The process of mathematical reasoning is one aspect of the subject that fascinates me. But the idea of ‘logic’ could be considered a subject in itself. Logic can be thought of as the systematic study of the form of arguments. A valid argument makes use of assumptions or premises, and comes to a conclusion based on these assumptions.

But what if I told you that we can use logic to gain information about anything by looking at – well – anything? The contents of your local Walmart or Morrisons supermarket can give you minute amounts of evidence about the nature of distant galaxies – things that could not be further from your mind as you wonder down the biscuit aisle during your weekly shop, wondering whether to buy choc-chip cookies or custard creams (or both, in my case).

This idea comes in the form of what I to call the Banana Paradox. There are some different versions of this, but all are essentially the same:

(1) All ravens are black.

(2) Everything that is not black is not a raven.

(3) A banana is not black, and therefore is not a raven.

We have therefore gained evidence to support the idea that all ravens are black -by looking at a banana.

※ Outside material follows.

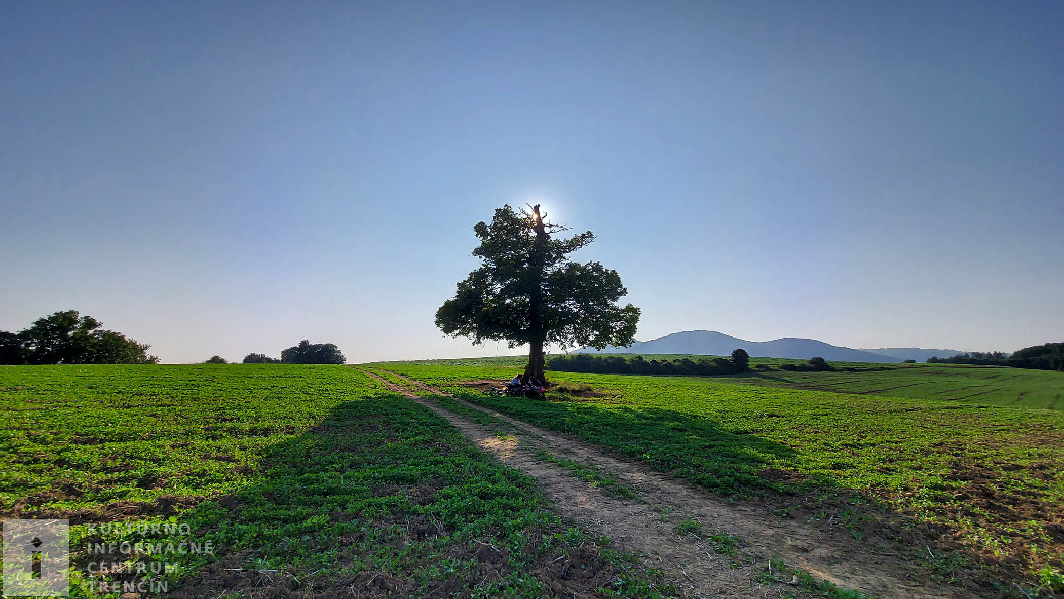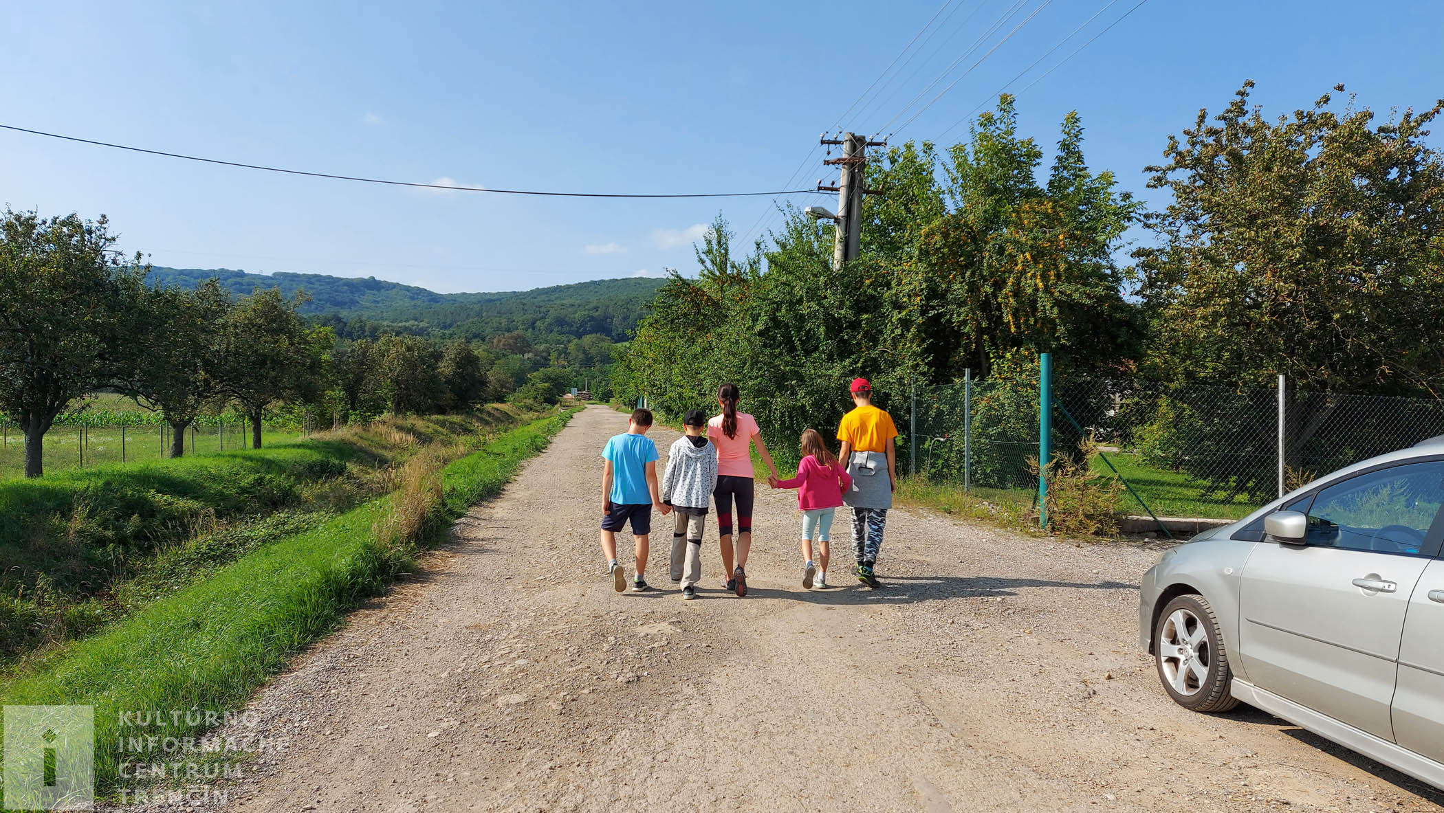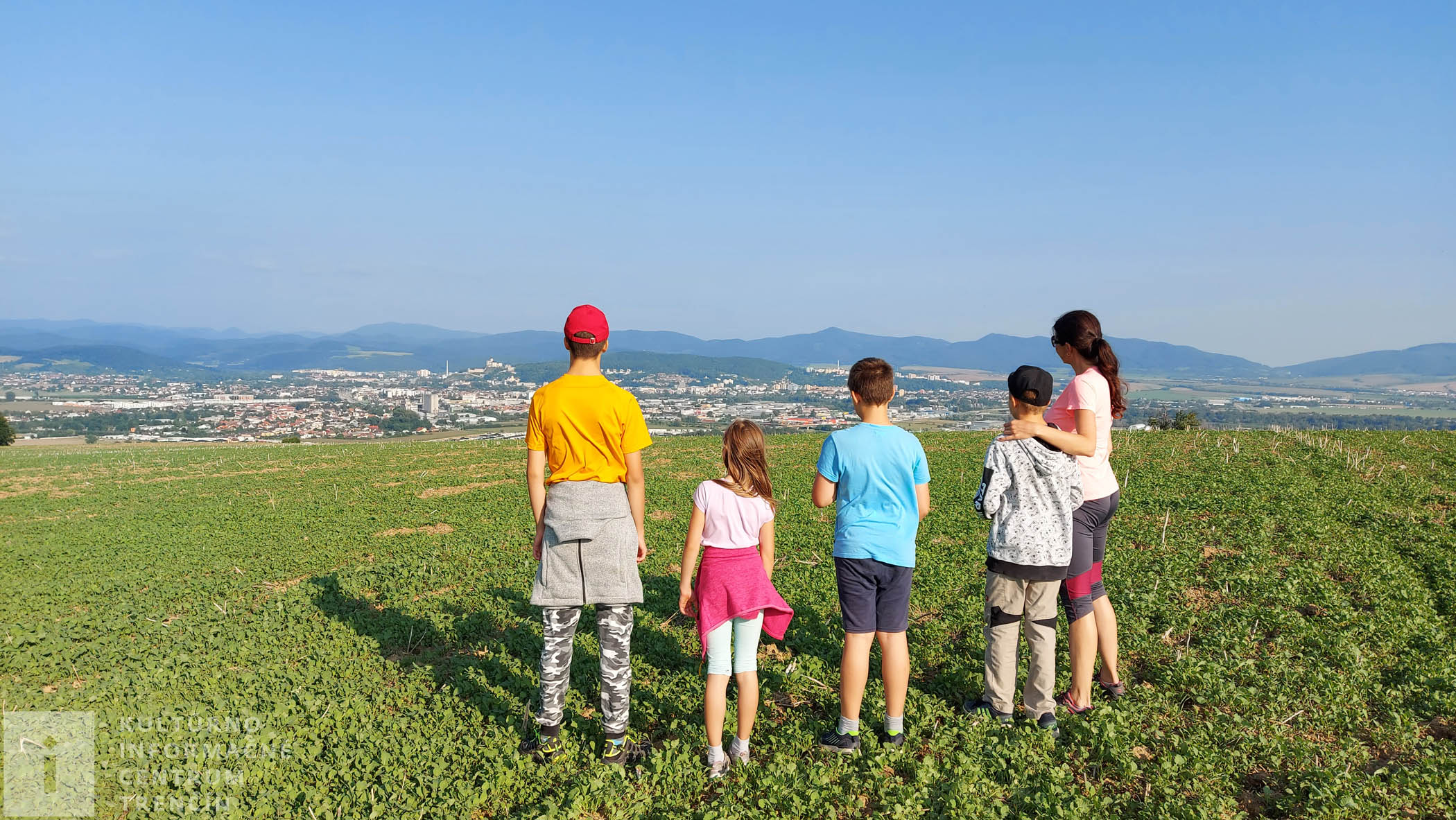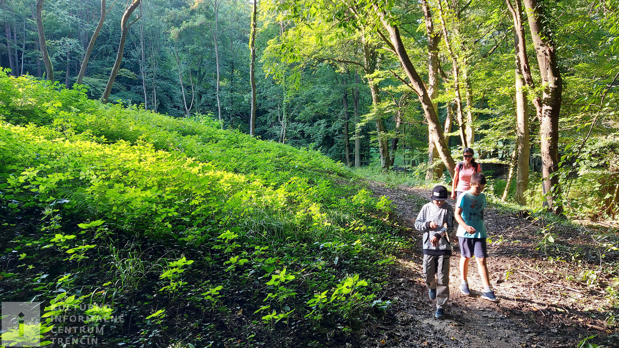 Pod stromom visí hojdačka, perfektná atrakcia pre decká. Dosýta sa vyšantíme a ideme naspäť. Užívame si neskutočné výhľady na Trenčín. Celé naše mesto je odtiaľto ako na dlani. Pri lese odbočujeme doprava – nepokračujeme lesom ku kyselke, ale jeho okrajom zídeme dolu kopcom po poľnej ceste až k diaľnici.

Wikipedia provides a long list of solutions to this problem. But the solution might be quite straightforward:

(4) There are far more black objects than there are ravens.

(5) There is a limited number non-black objects (call this n).

(6) One of these happens not to be a raven.

(7) If all of the non-black objects are also non-ravens, proposition (1) is true.

(8) By proving that 1 of the n non-black objects is indeed not a raven (i.e. proving that the banana is yellow), we have completed a very, very, very small fraction (1/n) of our proof that all ravens are black.

In order to prove the proposition that all ravens are black, we would have to prove that all of the n non-black objects are non-ravens.

This process is not confined only to ravens. You could replace ‘raven’ with ‘planet’ or ‘galaxy’ (with the appropriate colour) and obtain the same result – provided that the assumption of your object of choice having only one colour is a reasonable one to make.

So do not doubt the wisdom of the banana – it can give you a (very, very small) amount of evidence about almost anything you want it to.